Dr Devinder Garg, Chandigarh
More incentives for new businesses
The Covid-19 pandemic has affected industries, but quick action will bring them back on track. As regards ease of setting up small scale industrial units in Chandigarh, people are not too keen to invest here because they don’t get any incentives. Even if a suitable plot somehow is available to start with, clearances and approvals take time. This has to change
SC Luthra, Chandigarh
City requires better connectivity
Industries require incentives such as reduction in GST, subsidised power supply, reduced commercial property tax and increased FSI to get more space by going vertical as Chandigarh has limited space.
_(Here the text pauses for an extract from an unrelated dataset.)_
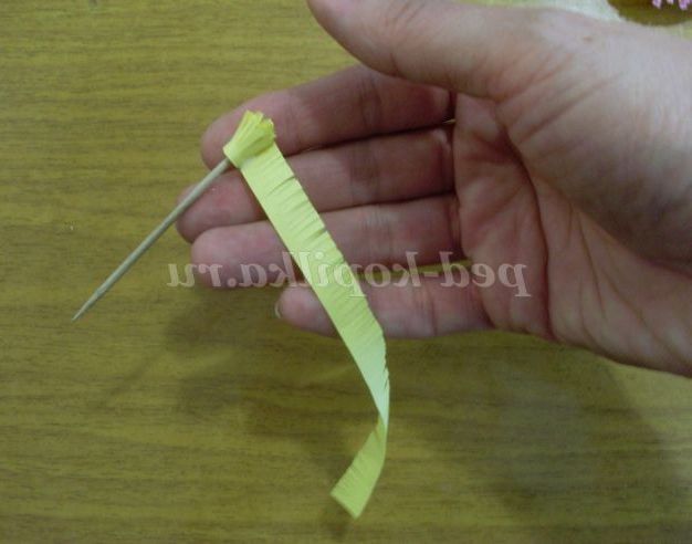 4. Скручуємо за допомогою зубочистки з жовтої смужки тугу скручування. Акуратно витягуємо зубочистку, не порушуючи скрутки і фіксуємо край клеєм.

Better connectivity to national and international destinations by increased number of flights is a must. Single window clearance, and liberal loans in view of Covid -19 epidemic should be accorded top priority.
Col TBS Bedi
Rigid rules hinder growth
Rules related to commercial properties in Chandigarh are too rigid as compared to other states. Non-conversion of leasehold industrial plots to freehold is the biggest hindrance in the development of old established industries and setting up of new ones. Collector rates are high as compared to Mohali and Panchkula. FAR is also less as compared to Mohali. Online single window system should be launched by the administration. There should be a redressal forum to listen to their grievances. More land should be allotted for new establishments. Fresh guidelines regarding pollution control, disposal of waste material, safety of workers, and fire safety norms should be issued.
Abhilasha Gupta, Mohali
Don’t have to make it a business hub
Chandigarh is business-friendly, but not for industrial development, and it should not be. It was never visualised like that. Why does a clean and green city require industry and ease of doing business? Only for polluting the environment through smoke emitting industrial establishments? It needs to be noted that the UT was basically established as a city-state and an administrative headquarter, not a business hub. The city does not require any business reform action plan. Its financial needs are taken care of by the Central government through grants-in-aid. There is no need to change the age-old rules and regulations, else the ‘clean and green’ character of the city will be destroyed. Let Chandigarh survive with its Anglo-French model of construction and operation.
Rajiv Boolchand Jain, Zirakpur
READER OF THE WEEK
Simplify licencing, tax system
The local government should incorporate a licensing and tax system which is simple, comprehensible and can be easily complied with. Training and network programmes are imperative to get businesses up and running. The UT administration should create a culture of opportunity for all by creating low cost workspaces or incubators for innovation, eliminating red tape and proactively engaging small businesses for fostering economic vitality by attracting inward investment and creating new jobs. A committee to represent small business owners must be developed to voice demands and serve as a counsel to the administrators, municipal corporations and other local leaders on issues that count. Investor facilitation centres , a single window system, a one-stop centralised web portal and “Jump teams” must be initiated to provide streamlined and coordinated support to small businesses to understand the rules of the road.